# What will your gear set up be for this year's hunts?



## mattinthewild (Mar 12, 2011)

As some of you know I am a bit of a gear freak...maybe to a fault sometimes but I like to be comfortable as I can. The last few months I've been testing out Core4element. Here are my thoughts: Very affordable, super durable, athletic fit, high degree of performance, and has my favorite pattern (mountain mimicry). Also my favorite materials. They have head to toe coverage pieces in merino wool and are coming out with a waterproof down in a few months. Any of you guys like/dislike this stuff or heard about it? Thoughts? I put a small clip of my last few hunts testing out their stuff. Keep it up C4E! Also, what does affordable mean to you?

https://www.youtube.com/watch?v=2wc_2Y_ ... RA&index=2


----------



## gdog (Sep 13, 2007)

Are you "pro staff" for C4E or just trying/buying it out on your own? Someone carrying this local? I'm in need of a new setup for next fall.

**I see your an "ambassador" for the product on their web site. Looks like good stuff...need to check it out...thanks!


----------



## mattinthewild (Mar 12, 2011)

gdog said:


> Are you "pro staff" for C4E or just trying/buying it out on your own? Someone carrying this local? I'm in need of a new setup for next fall.

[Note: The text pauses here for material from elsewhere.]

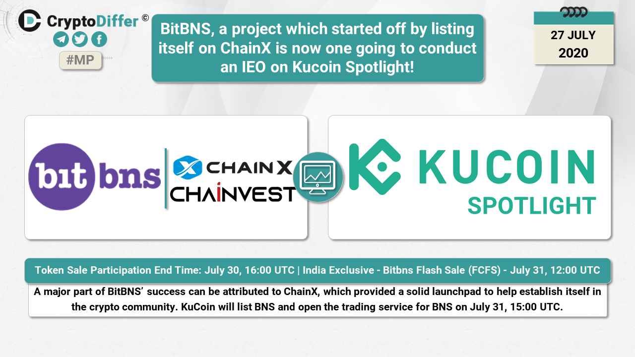A major part of BitBNSβ success can be attributed to ChainX, which provided a solid launchpad to help establish itself in the crypto community. KuCoin will list BNS and open the trading service for BNS on July 31, 15:00 UTC. Token Sale Participation End Time: July 30, 16:00 UTC | India Exclusive - Bitbns Flash Sale (FCFS) - July 31, 12:00 UTC

Camofire.com or blackovis.com. They are a local company here in Utah. I'm an ambassador for them. I've tested out every single piece. PM what hunts you are doing and I can help out and hook you up.

Matt


----------



## gdog (Sep 13, 2007)

PM on the way...thanks.


----------



## MWScott72 (May 23, 2011)

Great to hear a good recommendation on the C4E stuff. It's always popping up on camofire.com and seems to be reasonably priced. I'm in the market for some cooler weather pants and tried the C4E "Element" pants on and they were great. Beat comparable Russell stuff hands down for fit and functionality. Now when they come up again, I'm going to have to snatch up a pair or two.


----------



## Nambaster (Nov 15, 2007)

My only reservations about buying something that is not badlands is to get in the realm of no warranty... If I spend over $100.00 on a pair of pants its nice to know that I can just send them in and have them fixed or get a new pair. Am I right on the warranty from Badlands? I hear only good things about Core4elements though..


----------



## ARCHER11 (May 26, 2011)

Do you have the Torrent Jacket Matt? Ill be outfitted in KUIU this year but I still need some rain gear... KUIU's Chugach Jacket just isn't tall enough for my liking. The C4E stuff caught my eye though...


----------



## sawsman (Sep 13, 2007)

Levis, two pairs of socks, and a warm jacket with some layers underneath.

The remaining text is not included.